As part of my research process, I conducted archival research and oral history interviews. I enjoyed exploring the centre’s archives with other volunteers, as we found images from HCGC’s first ‘birthday’ party in 2001 and uncovered photographs of the organisation’s expansion into a former car park. Beyond learning more about the practice of oral history, I had a truly wonderful experience interviewing staff and volunteers and hearing how they contributed to the centre’s history.

In addition to studying HCGC’s and Hulme’s past, the entire research experience underscored that many people care deeply about the garden centre. Since the organisation’s founding, staff and volunteers have thoughtfully documented the centre’s development—especially through photographs—and maintained an archive for HCGC for nearly two decades. The fact that people offered their time and perspective in oral history interviews reflected a commitment to supporting the centre generally and the history exhibit specifically.

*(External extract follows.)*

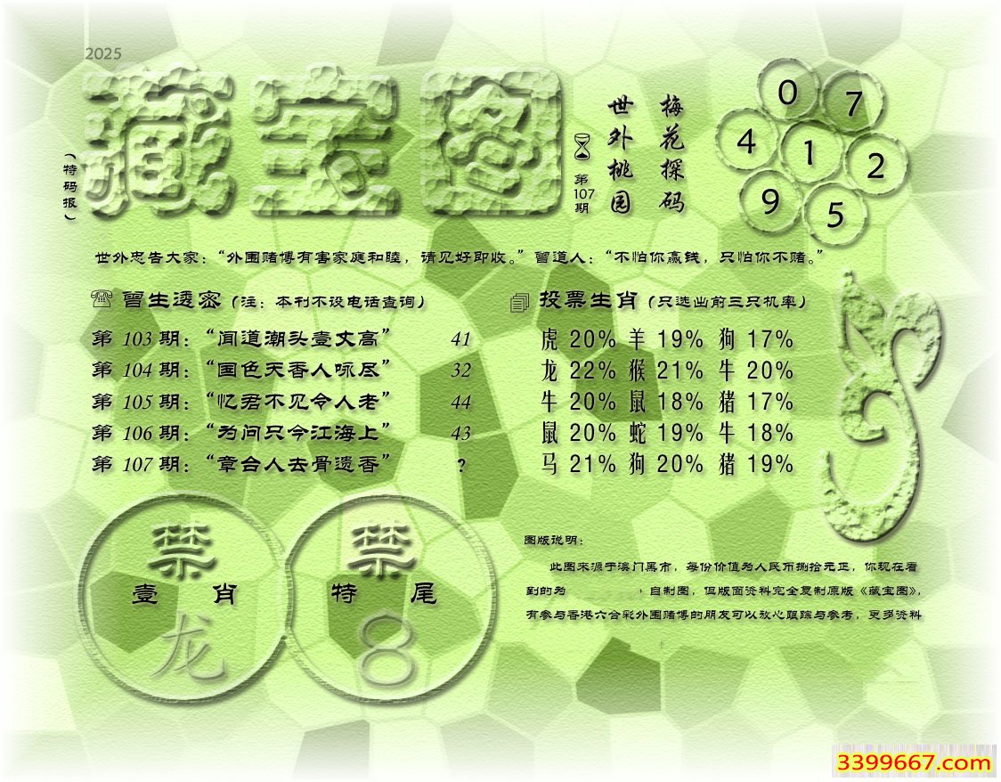 107期藏寶圖 新:面对参江背伍峰 老:章台人去骨遗香 禁:龙 禁:8尾

I worked to translate my research into an exhibit for the centre’s outdoor ‘info hub’ structure. I appreciated how creating the display involved thinking visually about how to present history. After I carefully selected photographs, wrote text descriptions, and mapped a layout, I collaborated with a graphic designer at the centre who helped make my vision for the exhibit a reality.

I am immensely grateful for the chance to experience the centre’s role as a community space on a first-hand basis. I am also thankful for the many people the Hulme Community Garden Centre and University of Manchester who made the placement and research project at HCGC possible.